-------- Supplied material --------

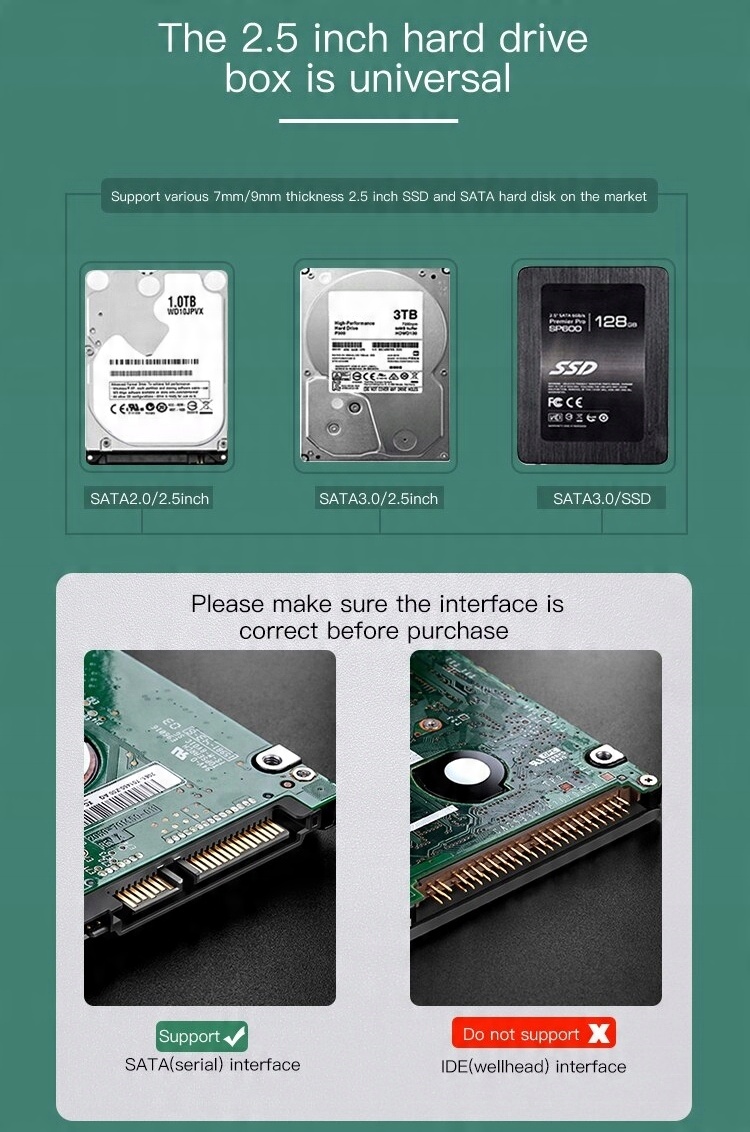 Новий міцний корпус, який дозволяє підключати 2,5-дюймовий зовнішній накопичувач SATA з максимальною ємністю 2 ТБ до комп’ютера через порт USB.
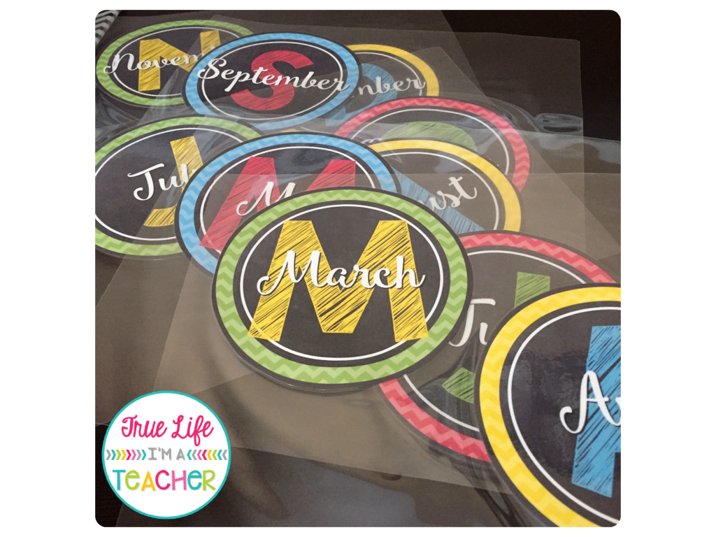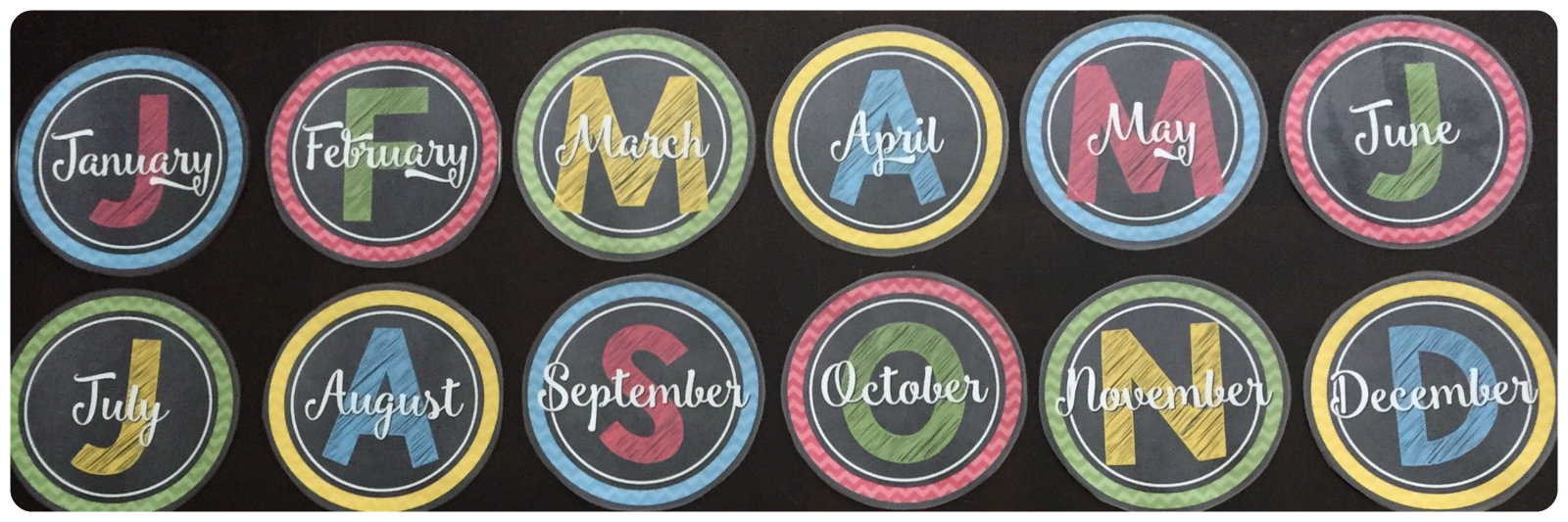 So what am I using instead of the cupcake printable I previously used? I made some coordinated labels on which each student’s name and the date of their birthday will be written. Easy cuttin’ friends!
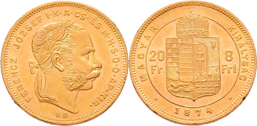 8 Zlatník 1874 KB, 6.434g, dr.hr., nep.rysky, pěkná patina, téměř

--------

• [Task objective] Apart from the pictures, every line of the data above should be given again exactly.

• [Result for this exercise]
 Новий міцний корпус, який дозволяє підключати 2,5-дюймовий зовнішній накопичувач SATA з максимальною ємністю 2 ТБ до комп’ютера через порт USB.
 So what am I using instead of the cupcake printable I previously used? I made some coordinated labels on which each student’s name and the date of their birthday will be written. Easy cuttin’ friends!
 8 Zlatník 1874 KB, 6.434g, dr.hr., nep.rysky, pěkná patina, téměř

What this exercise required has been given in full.